Per alcuni è raccapricciante, per altri romantico, per altri semplicemente stupido. In ogni caso sta diventando un business, da quando la società “Algordanza” si è inventata di trasformare il 2% di carbonio di un corpo che resiste alla cremazione, in un diamante per ricordare. Mentre il colore, dal bianco al blu scuro dipende dal boro contenuto nelle ossa…


Da http://www.boredpanda.com






Un uomo parte per un viaggio negli Stati Uniti e si porta con sé la nonna. O quel che ne resta. Defunta da poco, il nipote aveva trasformato i suoi resti in un anello da indossare e tenere sempre con sè.




View attachment 9326

Per alcuni è decisamente raccapricciante. Per altri è romantico. Per altri semplicemente stupido. In ogni caso sta diventando un business, da quando “Algordanza”, una società svizzera, se ne è inventata una nuova per commemorare i defunti. Le ceneri dei propri cari vengono compresse e surriscaldate e trasformate in un diamante scintillante da indossare la sera.



Il corpo umano è formato da un 18% di carbonio. Il 2% di questo carbonio resiste alla cremazione, ed è questo carbonio che Algordanza utilizza per creare i cristalli. Un processo chimico estrae il carbonio dalle ceneri, riscaldato e convertito in grafite, che ha suo volta viene cotta (a 1.400 gradi) e compressa.

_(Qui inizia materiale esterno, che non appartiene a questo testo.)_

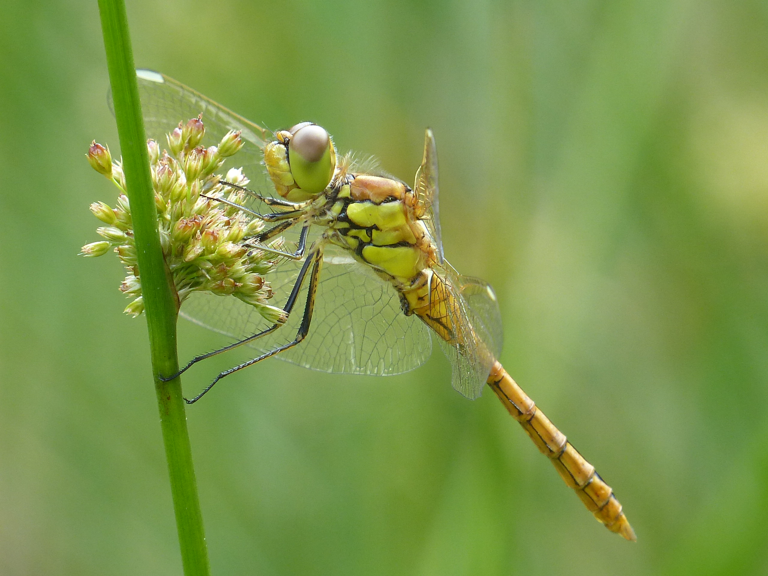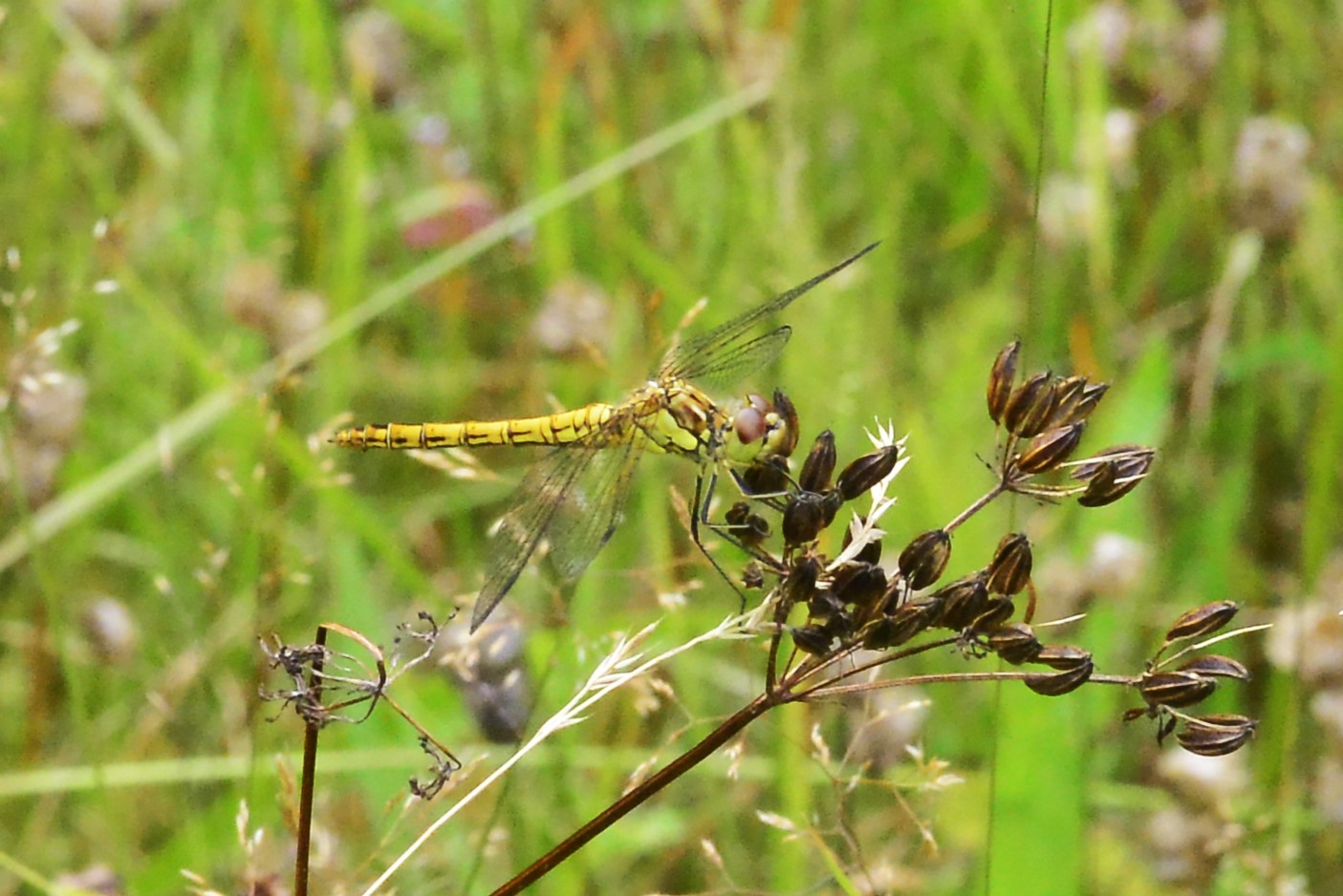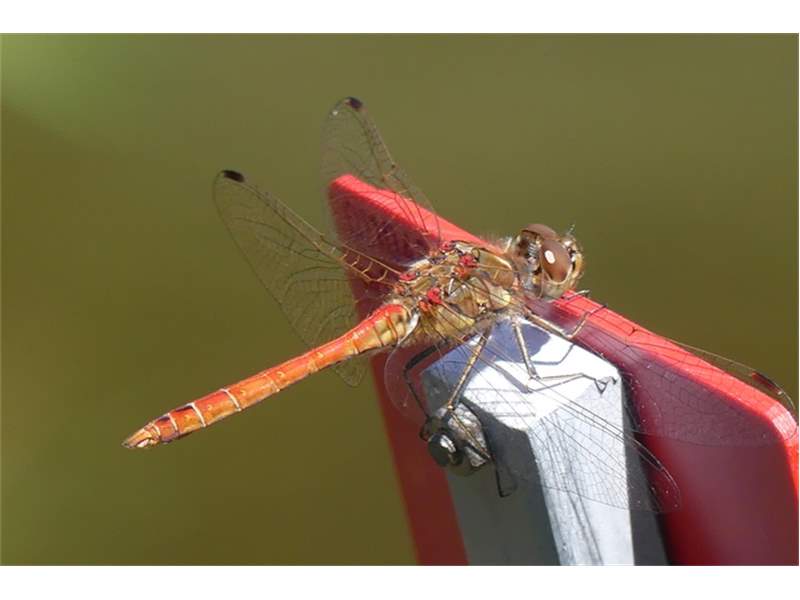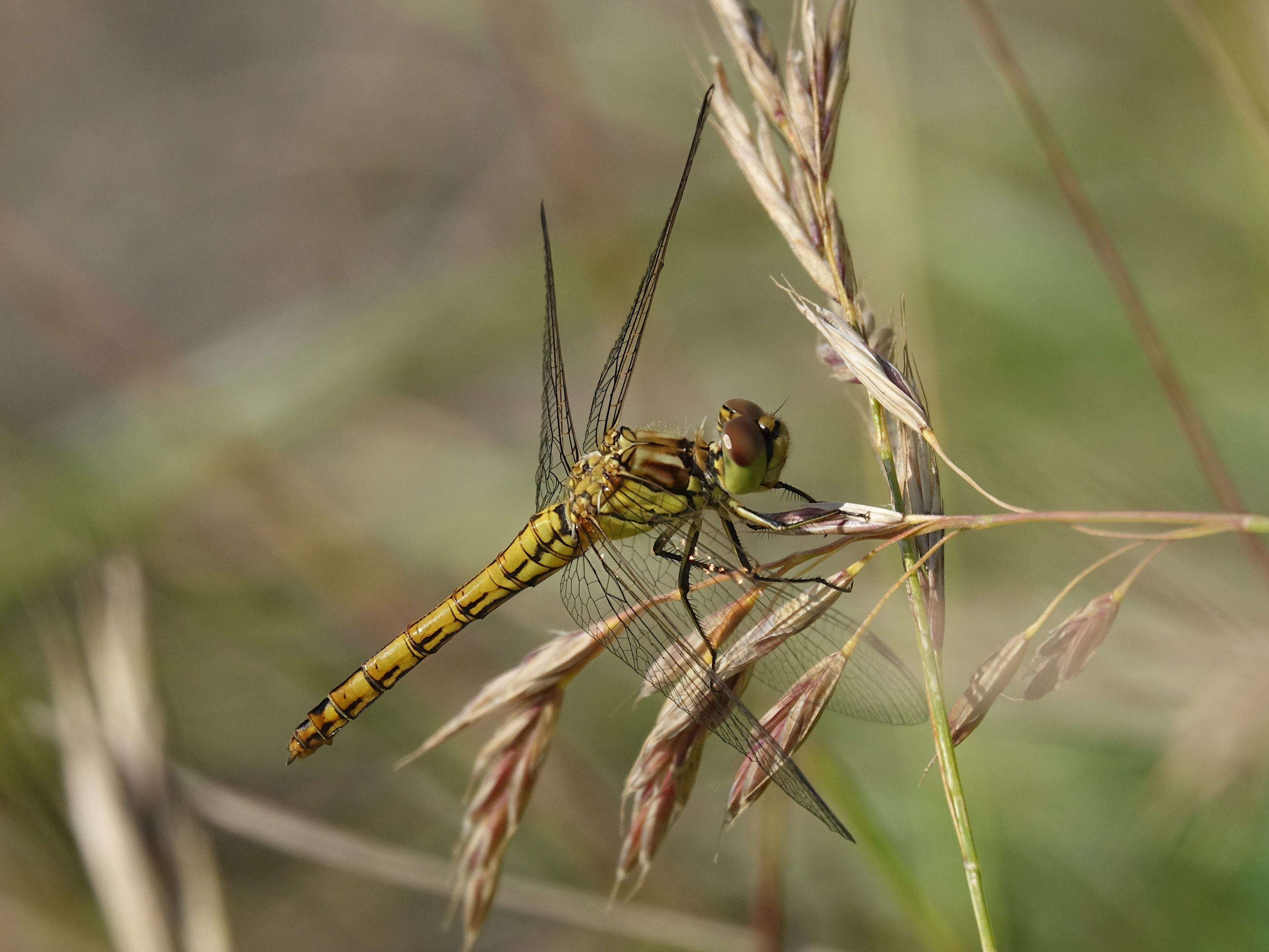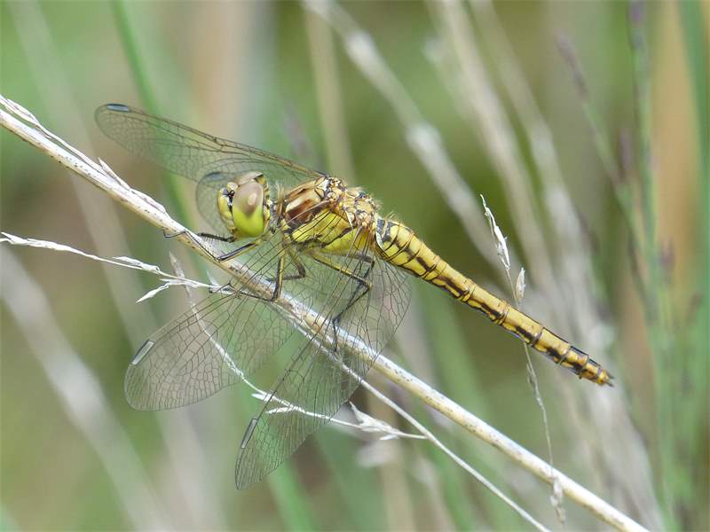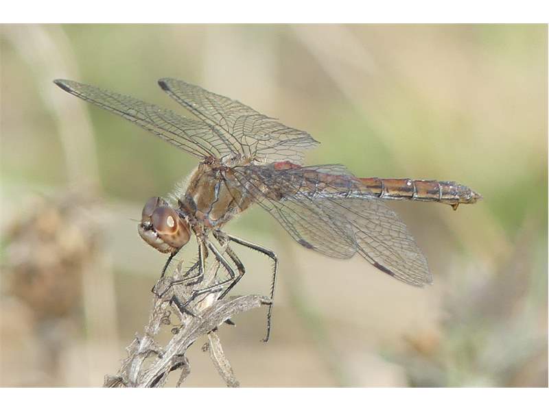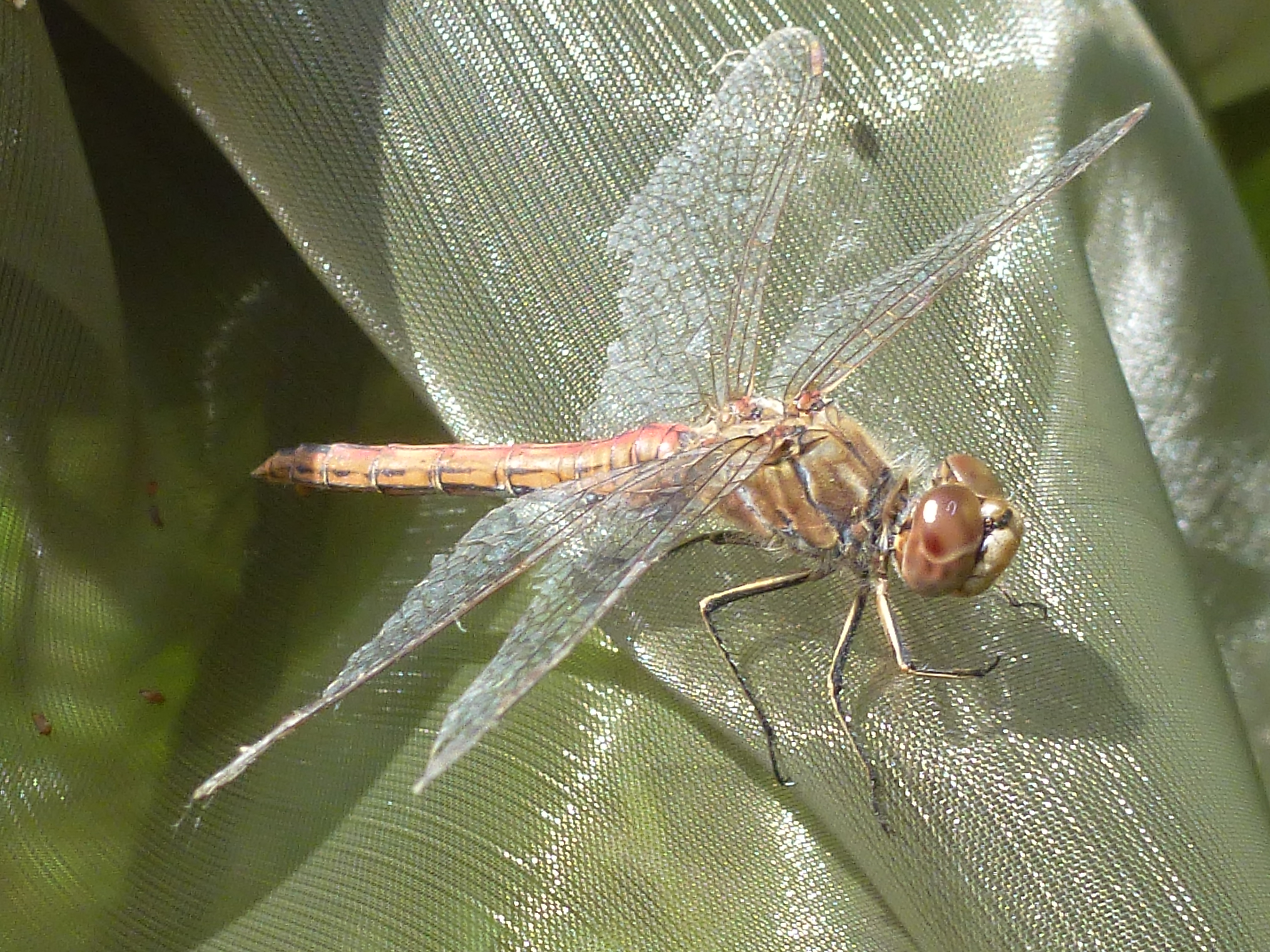 Gemeine Heidelibelle, Gemarkung Hohenprießnitz, Rieselgraben am Fichtbusch, altes Weibchen, Merkmale: gestreifte Beine, senkrecht abstehende Legescheide, August 2013

Il colore del diamante, che può variare dal bianco al blu scuro, dipende dal boro contenuto nelle ceneri del defunto. I prezzi partono da 4.259 franchi svizzeri (circa 3.500 euro).


----------



## drusilla (17 Ottobre 2014)

dunque i diamanti si possono fabbricare? che delusione!


----------



## Minerva (17 Ottobre 2014)

faber diceva che non ci nasceva niente ma il contrario sì


----------



## Tebe (22 Novembre 2014)

Quanto mi piacerebbe diventare un diamante...


----------